I'm about to buy an iJust S online (I've been using an iJust Start since I starting vaping a month ago). I also want to stock up on extra coils. Which would be the best in giving good flavour: 0.3, 0,5 or 0.18? Someone on Reddit recommends 0,5 for flavour. Would you agree?

Reactions: Like 1


----------



## Silver (2/10/17)

I dont have the iJust S @Hooked
But the thing to remember is that the lower the resistance, the higher the power and intensity of the vape

I would think the 0.5 would give the milder vape
The 0.18 would likely be more "beastly" and intense, but it would also guzzle way more juice and battery life

Reactions: Agree 1 | Informative 1


----------



## Friep (2/10/17)

Something to consider is getting the rba for the tank and maybe a 510 and start building your own coils it sounds realy scary in the beginning but the flavour on the coils you build yourself is unmatched. Building your own coils will save some money in the long run. I still remember my first vape on a coil I built myself not realy built but wicked on the kanger rba for the toptank mini. They come with two coils and some wicking material. The flavour was far superior to the commercial coils. From there on out been building my own coils and never looked back.

Reactions: Like 1


----------



## Hooked (2/10/17)

Silver said:


> I dont have the iJust S @Hooked
> But the thing to remember is that the lower the resistance, the higher the power and intensity of the vape
> 
> I would think the 0.5 would give the milder vape
> The 0.18 would like be more "beastly" and intense, but it would also guzzle way more juice and battery life



Thanks for the advice, @Silver!

Reactions: Like 2


----------



## Hooked (2/10/17)

Friep said:


> Something to consider is getting the rba for the tank and maybe a 510 and start building your own coils it sounds realy scary in the beginning but the flavour on the coils you build yourself is unmatched. Building your own coils will save some money in the long run. I still remember my first vape on a coil I built myself not realy built but wicked on the kanger rba for the toptank mini. They come with two coils and some wicking material. The flavour was far superior to the commercial coils.

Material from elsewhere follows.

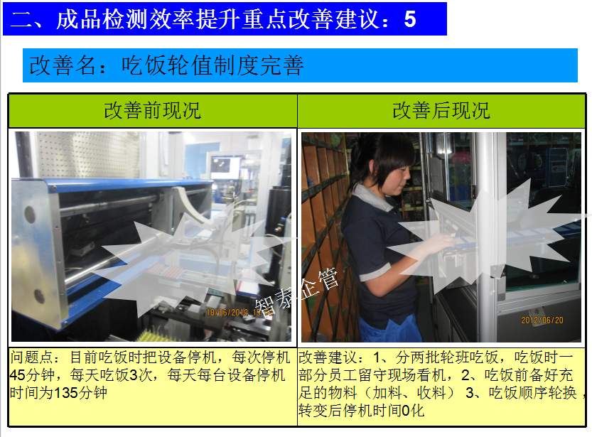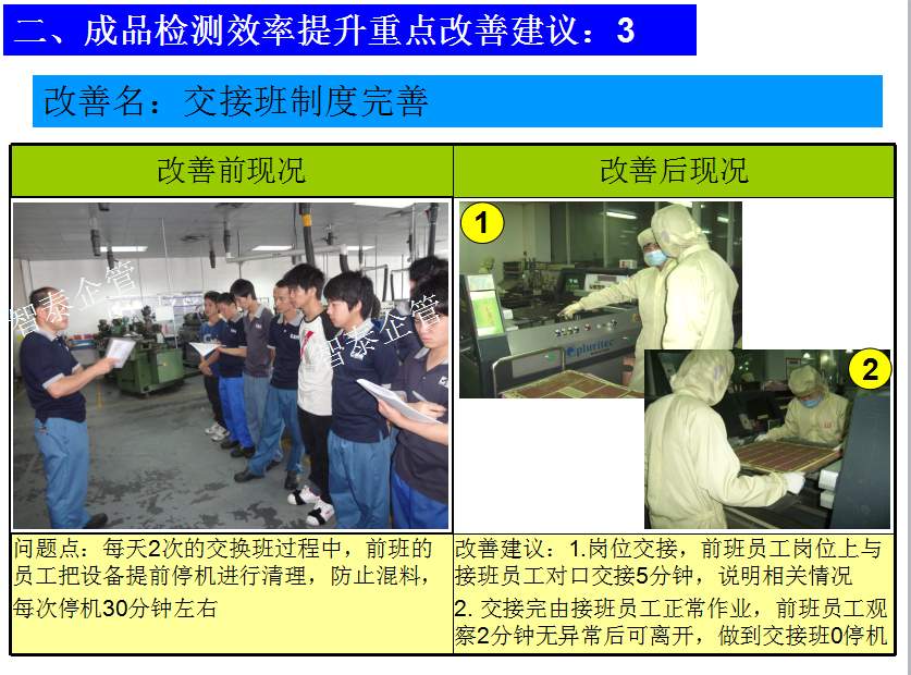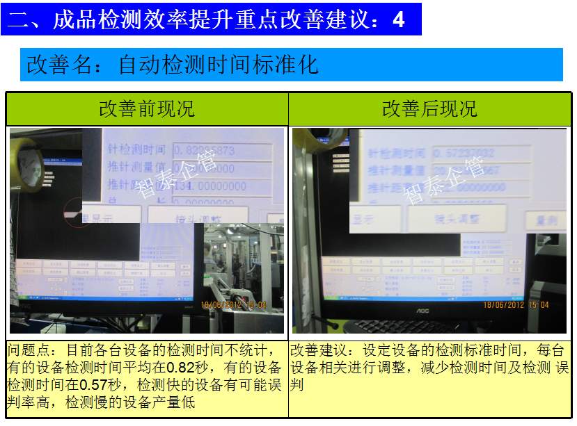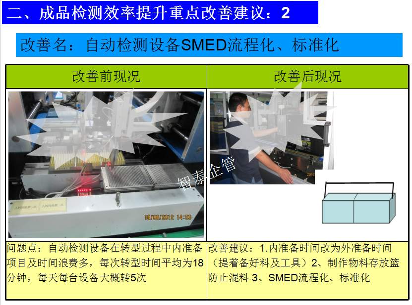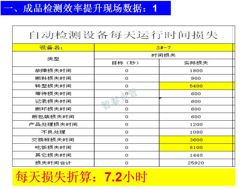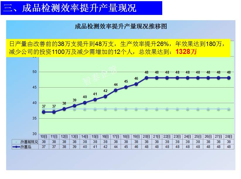 世界級制造及精益管理是智泰人一生追求的理想,智泰咨詢在企業(yè)推進(jìn)精益生產(chǎn)后平均生產(chǎn)效率提升35%以上,智泰專業(yè)團(tuán)隊為企業(yè)消除八大浪費,通過精益管理,提高企業(yè)的生產(chǎn)效率和產(chǎn)品質(zhì)量,持續(xù)推進(jìn)焦點課題改進(jìn)重大問題,每年給企業(yè)帶來的收益平均有800萬以上,附件為智泰咨詢顧問團(tuán)隊為某企業(yè)生產(chǎn)效率提升的案例,請查閱:

From there on out been building my own coils and never looked back.



@Friep I doubt that I'll ever build anything as I'm a technically-challenged person!

Reactions: Like 1


----------



## Friep (2/10/17)

Hooked said:


> @Friep I doubt that I'll ever build anything as I'm a technically-challenged person!


I am also technically-challenged one of those guys that oppens another plug so that I have an example to fix the broken one and then I still get it wrong. With some time and patience building coils becomes not so difficult...

Reactions: Like 1 | Agree 1


----------



## Silver (2/10/17)

I agree with @Friep 

Building a coil seems very daunting at first, but its not difficult

I think its important to have a device that is easy to build on
And if possible to get someone who knows how to do it to show you the first time. Makes a big difference

Reactions: Like 1 | Agree 1


----------



## Llew (2/10/17)

I've seen the 0.18 coils leak a bit due to the larger juice intake hole. The 0.3 ones seem to be the go to coils, while the 0.5 ones seem really restrictive for some reason and didn't produce a nice vape for me (can't say the flavour was necessarily better). I started on an ijust 2 using 0.3 coils and the flavour was good, but since I've upgraded to various other rebuildables, looking back the flavour was OK I guess. What I'm trying to say is that your flavour experience will change as you try different devices. Enjoy your vape journey ...

Reactions: Like 2


----------